If you’re looking for a roofing term not listed here, we’ve found a good resource from FloridaDisaster.org. Click here to see a more extensive guide.
Roof Type Pictures
Here’s a visual of each of these types of roofs. It’s worth noting that these roof types can be mixed and matched in a single, large home to create a unique look. For example, it’s not uncommon for a Gazebo roof to augment any one of these styles in a design.
What do you think? Did you learn something? We did!
Interesting article! I hadn’t heard the term “jerkinhead roof” before. Instead, I’ve heard that roof style called “clipped gable.” It is a common roof variation for bungalows, probably because it makes the house look shorter and more horizontal.
What about my absolute favorite, the mathematically challenging hyperbolic paraboloid or saddle roof?
useing truss roof , have two gables one smaller span than the other , same pich 35 deg two different higths how do i join the two truss
I have an ‘L’ shaped footprint shed. I want to install a Hip & Valley roof, but, I want to connect the bottom edge of the roof between the two leg points to create a sort of canopy so that I can barbeque under it on rainy days. How do I go about that?

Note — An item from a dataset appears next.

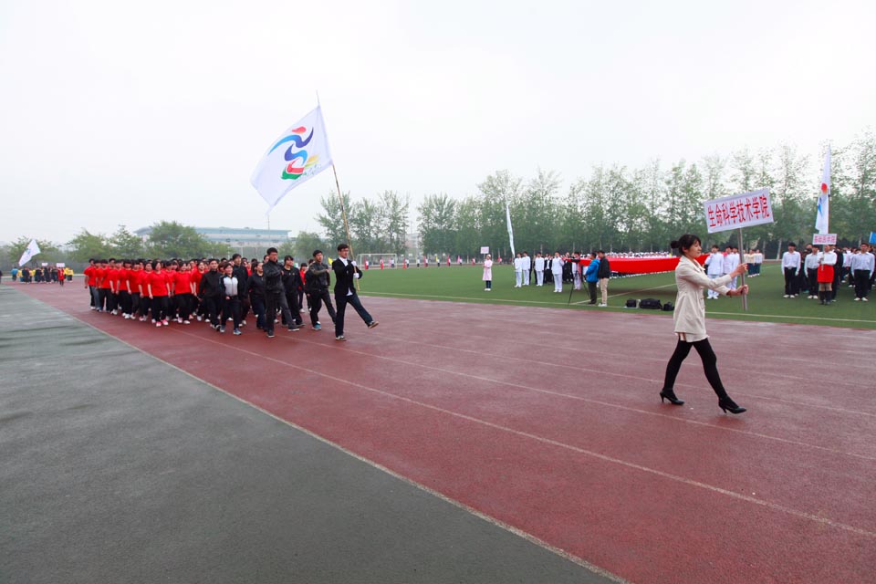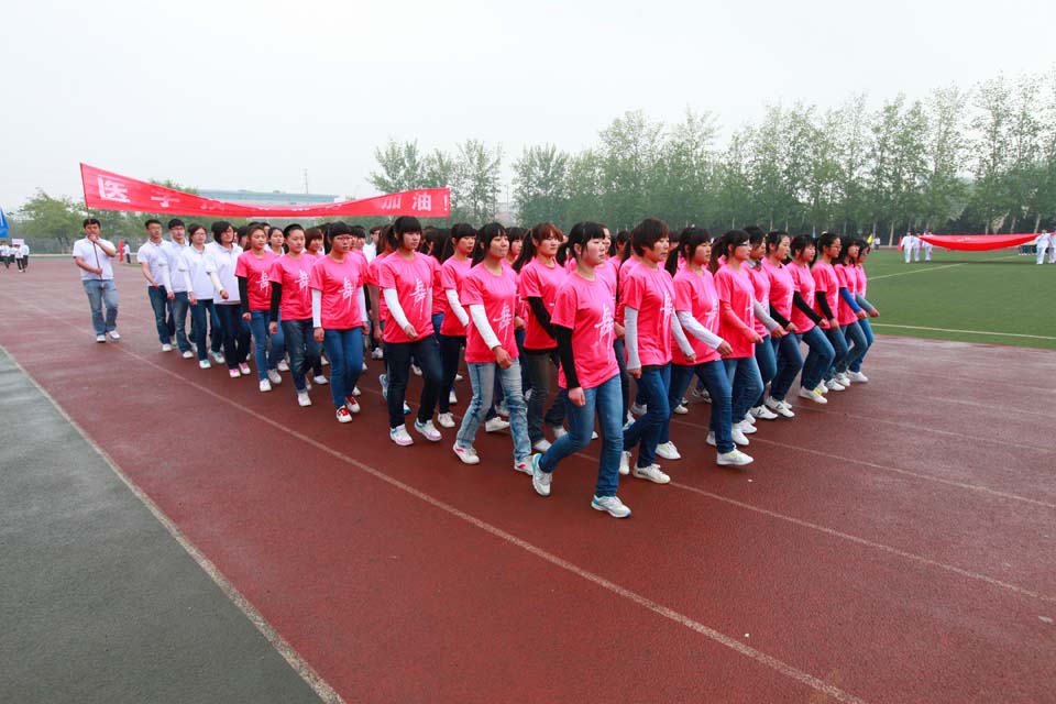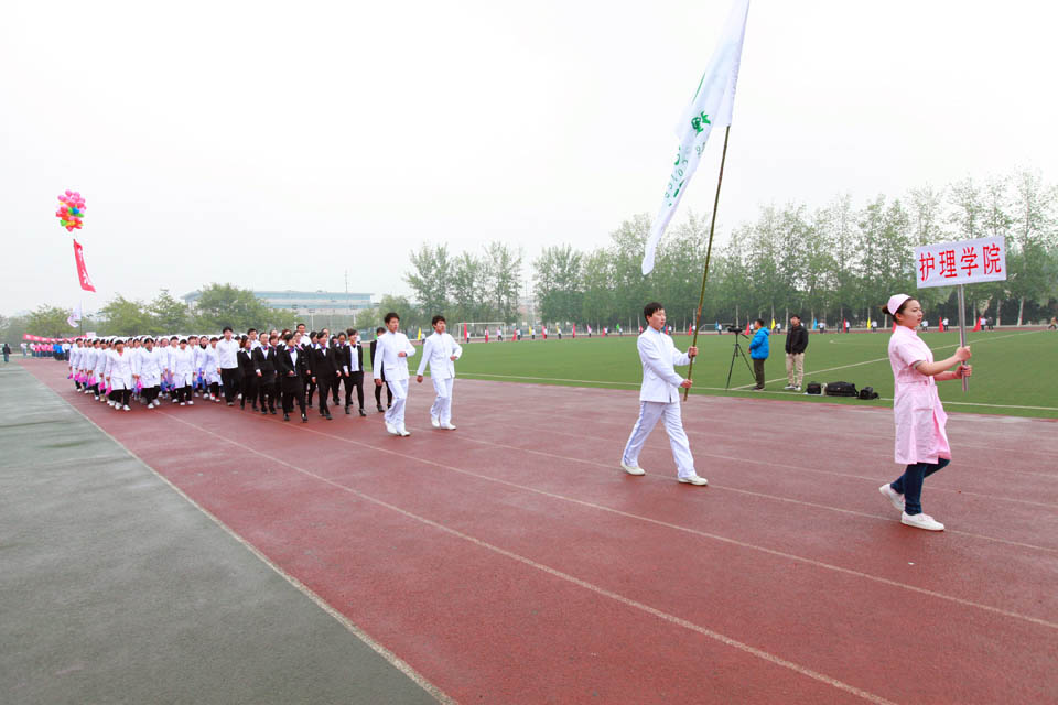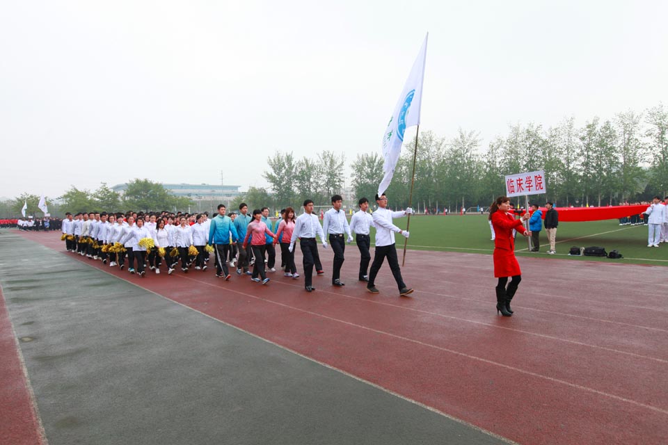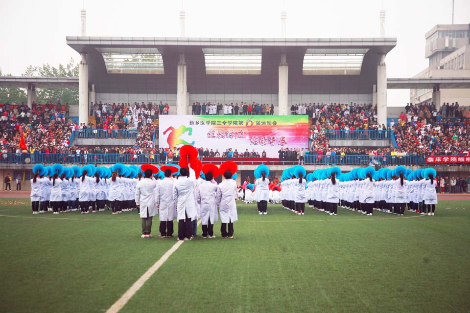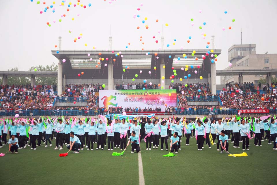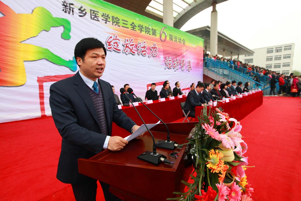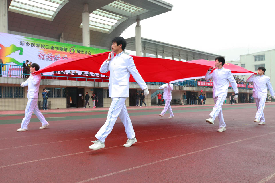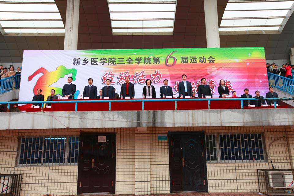 春风绿牧野,运动扬激情。4月20日上午,我院第六届运动会在东区体育场隆重开幕。新乡医学院副院长毛兰芝,新乡医学院体育教学部主任杨晓林、副主任王苏杭,我院党委书记王志凯,党委副书记王金文,副院长秦国亮、王彦杰、沈雁霞与各院系、职能部门负责人出席,全体师生参加。院长办公室主任史世锋主持开幕式。 伴随《运动员进行曲》,国旗班、花束队及8个学院代表队、教职工代表队步伐整齐,口号激昂,依次进入会场。 我院体育运动委员会主任、本届运动组委会主任王彦杰致辞。他代表学院及大会组委会,向运动员及参与筹备组织工作的师生表示感谢。王彦杰说,体育增强体质,启迪智慧,是彰显生命力、实现全面发展、增进了解交流的重要方式。大学体育既是竞技体育发展的重要途径,也是公众了解大学的重要窗口,是大学扩大社会影响力和提高知名度的重要途径。我院始终重视体育事业的发展,重视竞技体育水平的提高,重视全民体育、全员参与阳光体育运动的积极落实。在过去的一年里,我院获得华光体育活动多项殊荣,这都是我院运动健儿锐意进取,不断超越的结果。 王彦杰指出,体育赋予我们勇敢与激情,带给我们快乐与健康。运动会只是一个平台,真正的意义是让我们用智慧与技能,跨越障碍,超越自我,分享运动会的魅力和欢乐,让青春活力散发于赛场上的每一个角落。他预祝我院第六届运动会圆满成功。 参赛运动员及裁判员代表宣誓。  王志凯宣布新乡医学院三全学院第六届运动会开幕。 随后举行各院系的团体操表演,各项比赛依次进行。 本届运动会持续两天,共有学生1359人,教职工236人参加。

My contractor told me he was going to do a “Texas Hip Gable for the front of the house. What is that?
Hi Terry, Sorry, I’ve never heard of that before… and a search of Google for “Texas Hip Gable” tells me that no one else has either 🙂
I lived in TX for over 40 years. When building a home there in 1980, we were told they would install a Hip Gable. It was a simple open gable roof construction without much overhang at the ends so there was a more contemporary appearance.

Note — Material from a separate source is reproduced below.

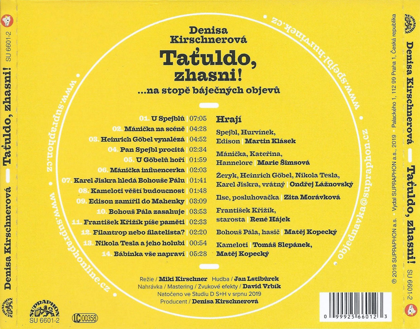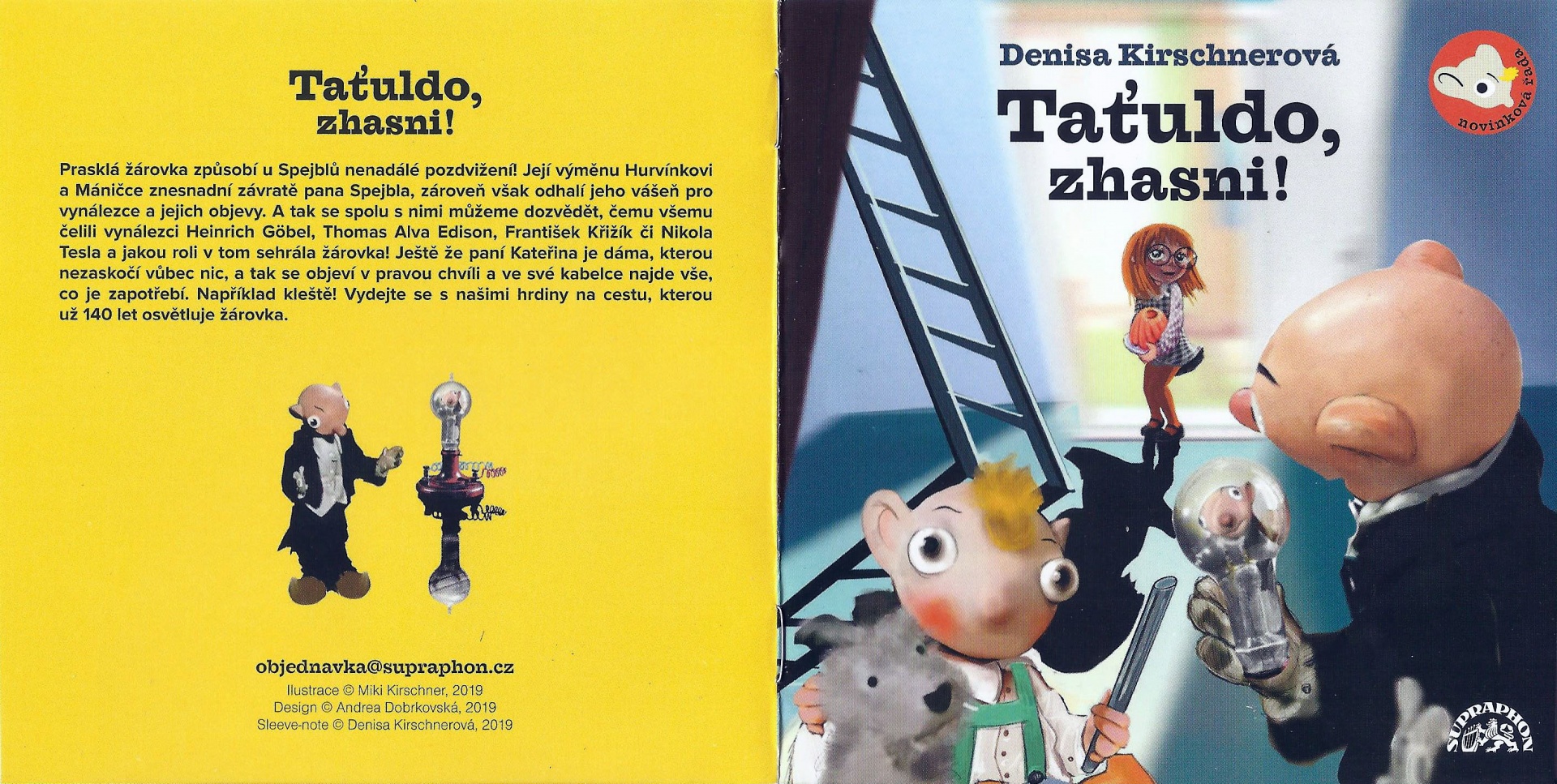 Zatímco v předchozích částech se do hlavních postav příběhů převtělila celá rodinka, v tomto titulu si na dané události nehraje a dané historické mezníky jsou zdramatizovány do krátkých epizod, v nichž hlavní postavy jednají samy za sebe. Do těchto úloh byli obsazeni členové Divadla Spejbla a Hurvínka. Série o vynálezech pro vytvoření atmosféry dané doby využívá jazyková specifika: ve Vysavači měli aktéři anglický přízvuk, ve Žvýkačce si mezi sebou onikali a V Taťuldo, zhasni! zní hned několik odlišností: pan Göbel se svou ženou mají německý přízvuk, Tesla ruský, Edison anglický a Křižík díky své české národnosti zůstal nezměněn. Protože v předchozích částech vystupovala i Bábinka, nechybí ani v Taťuldo, zhasni! Posluchači tak v této nahrávce mohou poprvé slyšet Marii Šimsovou v obsáhlém Mániččině partu a poprvé i její Bábinku.

Interesting. Around here we don’t generally have overhangs on our gables… and it does look more contemporary. That makes sense. Thanks so much for clarifying!
M shaped roof is weird, so is the butterfly. they look like inventions from the 80’s to be interesting and cause massive water damage inside a house. or maybe you can do things like that somewhat safely where you don’t get snow.
Also, the jerkinhead roofs are popular in the black forest.
I’ve read that in the 18th century UK, they used M-shaped roofs to provide a steep slope without making them crazy tall. By dividing the roof into two parts, it made things look more in proportion.
Not sure where they’d use em today. I had the same initial reaction as you- looks like the perfect place for leaves to build up and water to find a way through.
Oh so ours is a Hip and Valley Roof. Never knew all these terms maybe knew one or two. Combination Roof looks like your typical fast food joint roof like say MC Donalds back in the 80s before all their modernizing was done.
I had no clue there were so many roof styles. Our previous home was a hip roof, but we have eight gables with what our guy called California Valleys on our current home. I love gables and the California Valleys are so much nicer looking since they hide the flashing.
I’m looking into building a shed. I want to go with the Gambrel roof for more storage at the top. It looks more complicated to build than just a Gable roof. Does anyone know how much more complicated it is to build and approximately how much more it can cost in materials? Any tips on building roof trusses myself for a shed?
If the gambrel roof looks too complicated for your shed, there are kits from 2×4 Basics for building a shed with a gambrel roof. You don’t have to make any angled cuts for the framing.
I was wondering why there isnt any information on the french roof, bell roof, octogonal roof, intercecting roof or even the round roof?